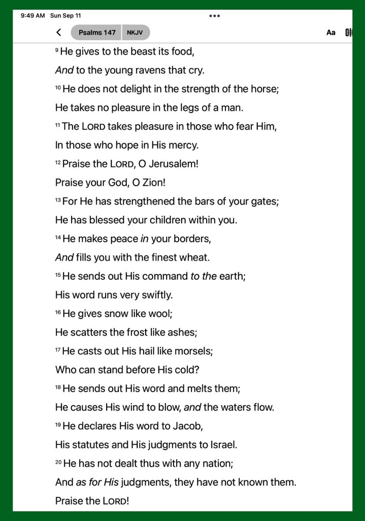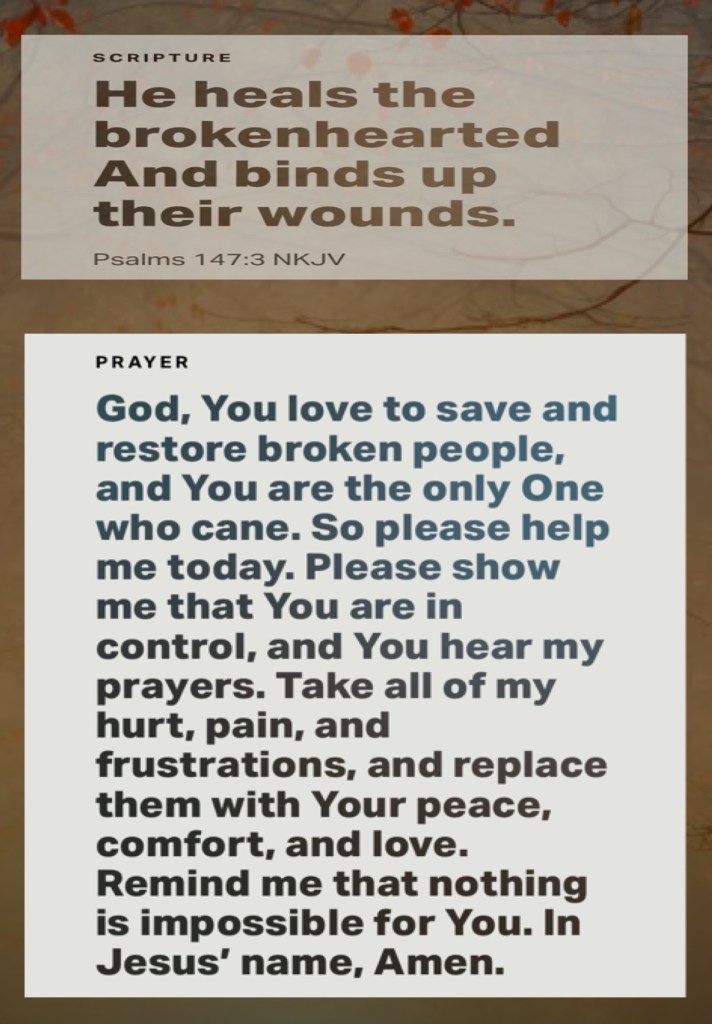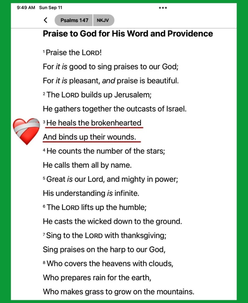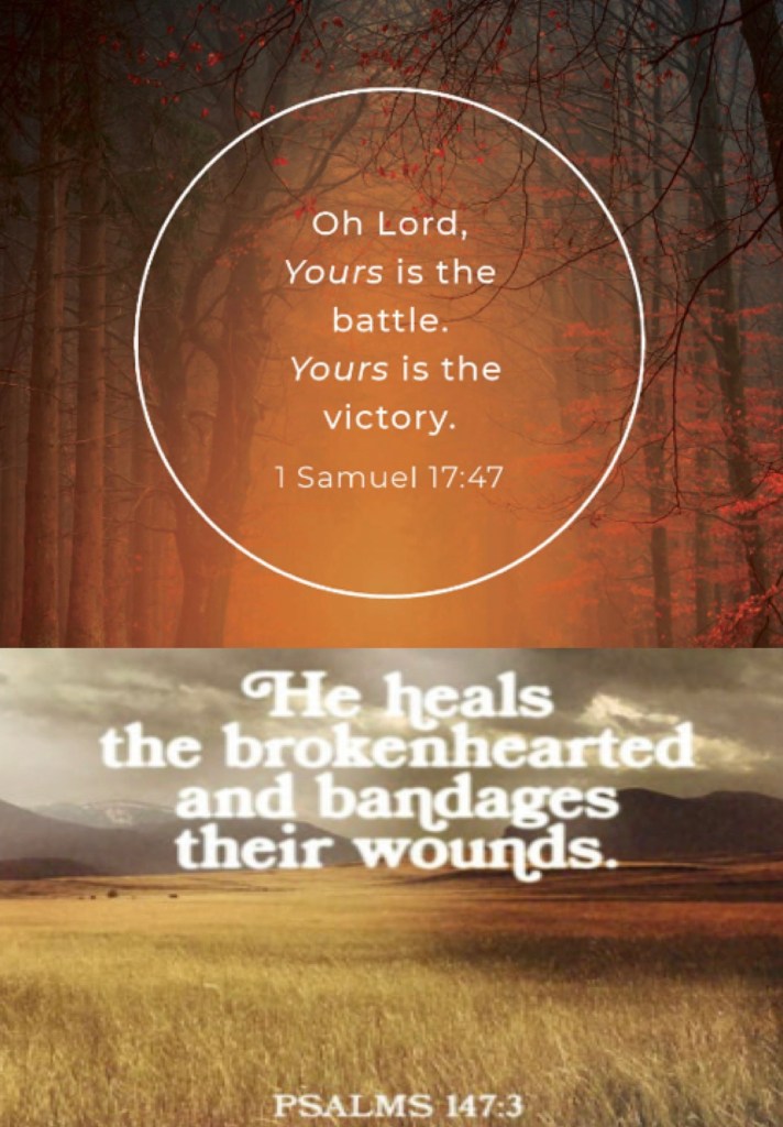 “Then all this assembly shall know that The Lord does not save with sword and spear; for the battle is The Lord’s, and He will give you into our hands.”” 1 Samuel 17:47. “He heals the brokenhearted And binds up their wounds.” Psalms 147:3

- - -

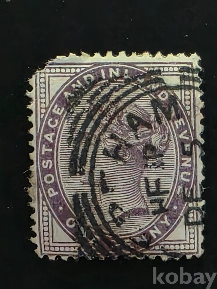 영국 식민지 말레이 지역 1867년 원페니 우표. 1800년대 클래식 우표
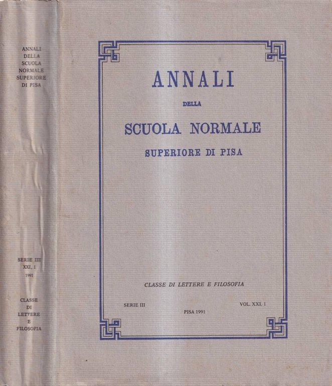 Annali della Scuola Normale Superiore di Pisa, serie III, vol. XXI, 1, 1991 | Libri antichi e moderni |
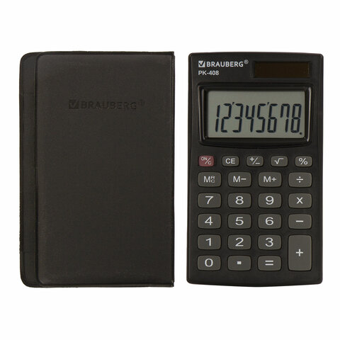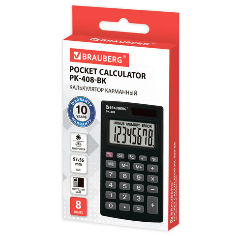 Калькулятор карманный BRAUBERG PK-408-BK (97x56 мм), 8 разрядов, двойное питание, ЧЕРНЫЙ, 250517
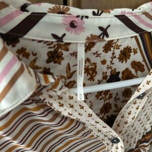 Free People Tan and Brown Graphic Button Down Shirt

- - -

YOUR ASSIGNMENT: In the material above, the stretch from the line with "Калькулятор карманный BRAUBERG" through the line with "Free People Tan" is to be given again exactly, minus the pictures.

ANSWER TO THIS EXERCISE:
 Калькулятор карманный BRAUBERG PK-408-BK (97x56 мм), 8 разрядов, двойное питание, ЧЕРНЫЙ, 250517
 Free People Tan and Brown Graphic Button Down Shirt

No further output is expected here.